## Required action
Scan the lines below for the string "hauteur". Reply with how many match, and no other words.

## Data for analysis
━━━━

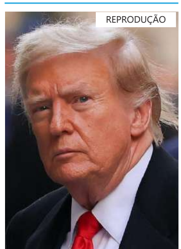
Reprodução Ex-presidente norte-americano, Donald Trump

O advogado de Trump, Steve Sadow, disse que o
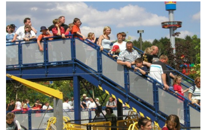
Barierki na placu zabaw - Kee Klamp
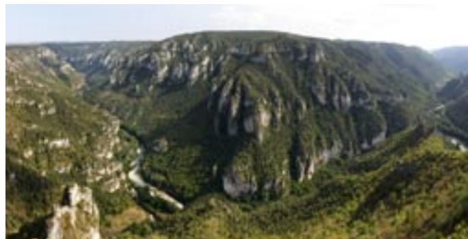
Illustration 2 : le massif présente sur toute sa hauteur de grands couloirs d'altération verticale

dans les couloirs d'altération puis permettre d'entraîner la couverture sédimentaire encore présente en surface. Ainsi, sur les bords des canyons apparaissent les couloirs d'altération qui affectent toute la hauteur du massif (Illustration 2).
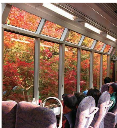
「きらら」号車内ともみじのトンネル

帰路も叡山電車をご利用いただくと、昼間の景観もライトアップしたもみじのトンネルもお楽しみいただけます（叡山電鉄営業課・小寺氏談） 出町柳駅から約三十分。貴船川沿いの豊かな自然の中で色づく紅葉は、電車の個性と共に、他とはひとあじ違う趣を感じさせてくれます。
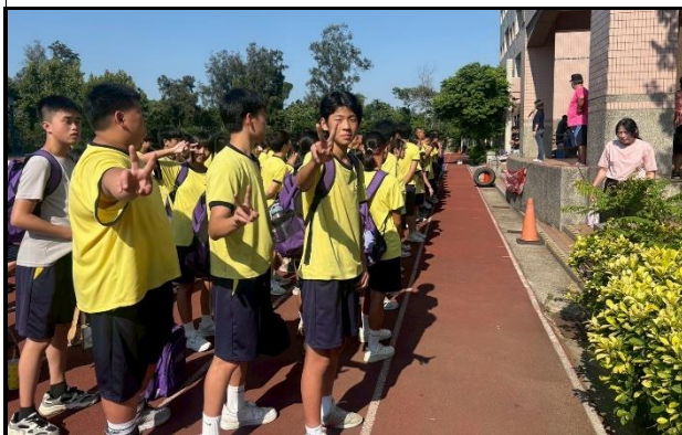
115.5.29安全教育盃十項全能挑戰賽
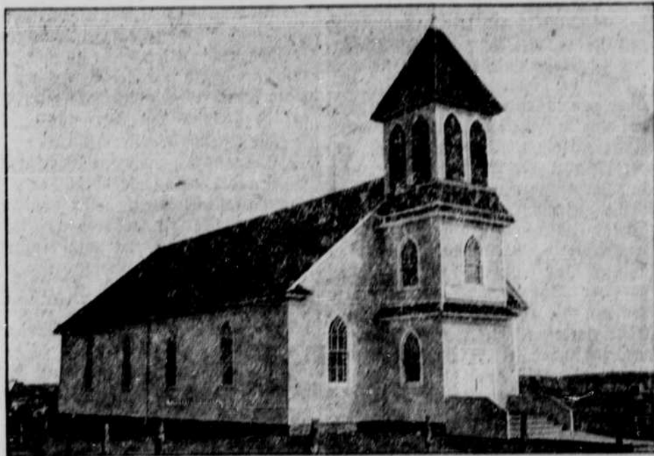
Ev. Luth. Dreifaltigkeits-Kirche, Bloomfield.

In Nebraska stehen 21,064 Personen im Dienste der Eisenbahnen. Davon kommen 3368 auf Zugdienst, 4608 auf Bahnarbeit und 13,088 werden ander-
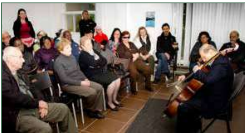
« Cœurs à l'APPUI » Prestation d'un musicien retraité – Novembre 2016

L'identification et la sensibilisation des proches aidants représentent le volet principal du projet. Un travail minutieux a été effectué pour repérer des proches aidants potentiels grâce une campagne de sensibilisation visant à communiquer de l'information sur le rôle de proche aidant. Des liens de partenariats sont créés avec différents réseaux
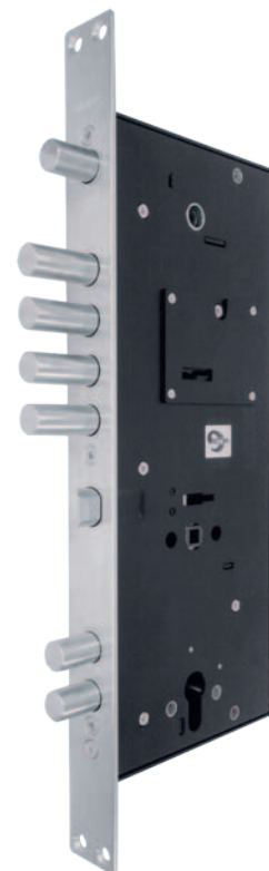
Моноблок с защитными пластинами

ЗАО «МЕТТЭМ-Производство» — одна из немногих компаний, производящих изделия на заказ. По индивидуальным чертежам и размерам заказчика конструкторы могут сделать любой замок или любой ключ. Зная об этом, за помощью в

━━━━

## Finished task
2